Matt Kunkel, CEO of LogicGate, addressed the topic, and his words painted a more positive set of circumstances than the words “mass exodus” might imply: “There’s an extraordinary war on talent right now. People are leaving jobs in droves, for many different reasons. We’ve seen cybersecurity professionals become increasingly hard to come by, and the salaries for these jobs have gone up exponentially, averaging over $100K annually, and going even as high as $300K. It’s clear companies need to change their strategies for attracting and retaining talent. Thanks to the advancement of technology, people can now work from anywhere.
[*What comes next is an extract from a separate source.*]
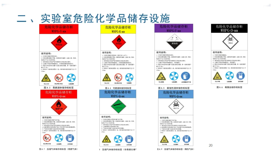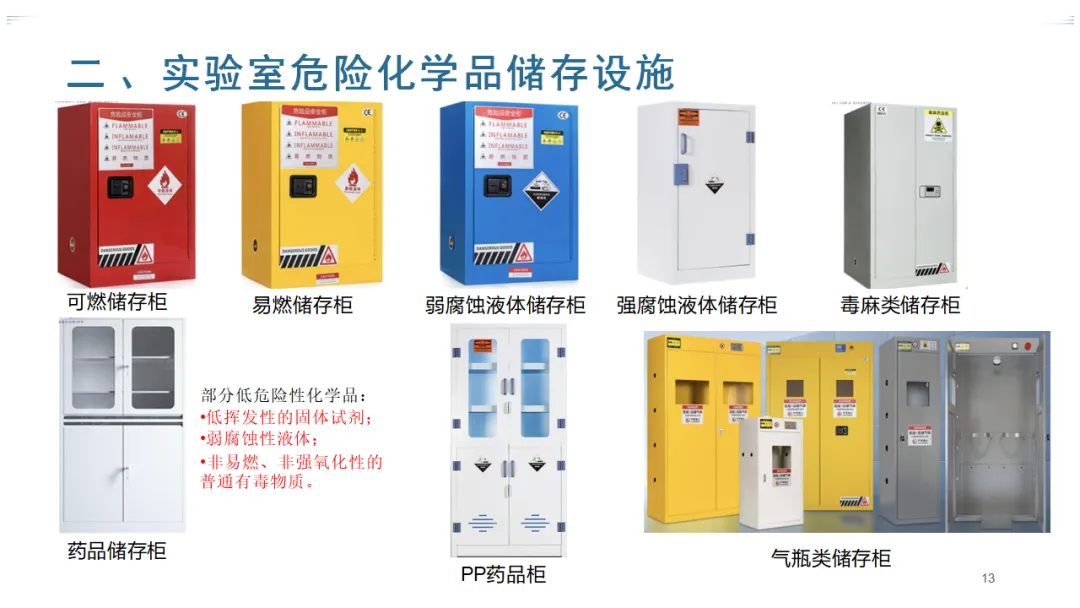 实验室危险化学品储存设施主要包括各类专用储存柜,根据储存物质的性质不同,分为:

And companies have started hiring well beyond their traditional geographic locations because they know when employees can work virtually, the talent pool becomes endless.”
Kunkel said that the biggest strategic differentiator of any organization is those who devote time and effort to building an amazing culture—one that is employee-driven. Such a culture must be rooted in core values, he stressed, as those become a strategic endeavor for attracting and retaining top talent. In addition, he promoted having a strong, compelling mission, one that goes beyond merely wanting to be the best and beat the competition. “It comes down to how the company is truly changing something, disrupting an industry, making other people’s lives better, giving them a mission to believe in and how they can make a difference,” Kunkel said.
With that in mind Kunkel said the organization should articulate the value a new employee can bring: telling them why they’re the best person for the role and showing them how they can effect change because they have something valuable to offer. “At the end of the day, if it’s just about dollars and cents, people will go work for huge companies willing to throw a bunch of money and stock options at them.”
Ian White, CEO of ChartHop, pointed out that the Great Resignation uncovered new requirements from organizations to build better relationships with their employees, improve engagement and positively influence retention rates. Transparency has become increasingly prominent in the workplace as a result. As industry leaders feel pressure to share company-wide benchmarks and build plans to address gaps in their organization and employee sentiment within their teams, they will seek highly visual, easily accessible people analytics solutions.
“People analytics provides executives, managers and employees with a comprehensive view of an organization, including decisions made as a result of employee feedback, initiatives and ongoing headcount planning. Providing a definitive location for employees to seek information empowers individuals across an organization to feel connected to their employer and, in turn, can improve retention and engagement among employees,” White said.
Mahe Bayireddi, CEO of Phenom, recommended inspiring confidence, loyalty and professional development among existing workforces through a profound employee experience supported by artificial intelligence and automation.
“By streamlining tedious tasks like answering employee FAQs through chatbots, automation saves everyone time so they can focus on the interactions that matter. AI then helps employees expand their current skills and develop new ones by recommending internal, hyper-personalized jobs and gigs. It also empowers employees to envision their future within a company by charting intelligent career paths, and pairing them with compatible mentors who can help them reach their goals—ultimately motivating them to stay and grow,” Bayireddi said.